Joseph of Arimathea – the alternative journey to Glastonbury

Arimathea journey

Most people with an interest in mythology know of the legend that Joseph of Arimathea came to Britain after the crucifixion and built the country’s first church at Glastonbury, but not so many know the alternative beginnings and ends to the story.

No-one really knows how the legend started, and Joseph wasn’t mentioned in the early Christian writings – Tertullian, writing in the late second century, merely says that the Gospel had reached Britain, while others, such as Eusebius of Caesarea, say that the Gospel was taken to Britain by Christ’s disciples. Joseph is mentioned in William of Malmesbury’s ‘On the Antiquity of the Church of Glastonbury’, but it is likely that he was inserted in later editions by the monks that carried on William’s work, and wasn’t in the original. Leland, and later Bale and Pitts, all claim to have seen fragments of an ancient British book by ‘Melkinus Avalonius’, or Melkin as he’s known today, supposed author of the infamous ‘Prophecy of Melkin’. This may be the same ancient British book that Geoffrey of Monmouth mentions in his ‘Historia Regum Britanniae’.

But all this aside, the legend persists, especially down here in the West Country. But even the ‘facts’ of the legend can’t be agreed upon. Most times it has Joseph and his eleven followers landing at Berrow Bay in Somerset, in the Bristol Channel next to Burnham on Sea.

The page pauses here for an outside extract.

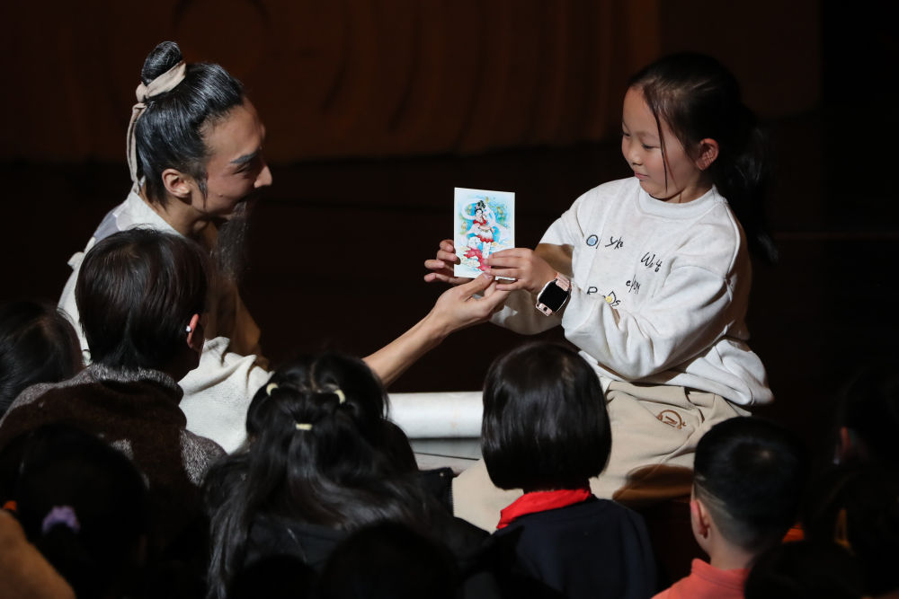 ↑11月28日晚,演员在中场休息间隙与台下观众互动并赠送《丝路花雨》明信片。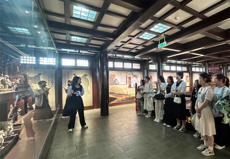 随后,同学们以小组为单位参观了江西省级非物质文化遗产“浔阳八景”中的琵琶亭、锁江楼、浔阳楼、烟水亭、思贤桥及能仁寺,每到一处,各个小组的同学都会化身为讲解员,为师生详细讲解该景点的历史传说和发展现状,讲解的同学得到了锻炼,倾听的师生们也纷纷表示亲身实践更能感受非遗的魅力。

They then walked what is now known as The Pilgrims’ Way, which roughly follows the modern A39, before arriving at Glastonbury.

But another local legend, documented by Berta Lawrence in her book ‘Somerset Legends’, has them landing somewhere on the Dorset coast, perhaps Bridport, or Abbotsbury, and then proceeding to Glastonbury, preaching the Gospel as they went. Each of Joseph’s followers had brought a small wooden cross, and at each settlement at which they stopped, they left one of these crosses.

The settlements they stopped in would almost certainly have been the great hill forts. Most of the British tribes had abandoned their hill forts centuries before, but, possibly uniquely, the Durotriges didn’t, and had to be burned out of them by the Romans. But one theory has Joseph arriving only a few years after the crucifixion, and therefore before the invasion of AD44. So if Joseph and his followers were wending their way towards Glastonbury from Abbotsbury via the main settlements, the route shown in the picture is more than possible.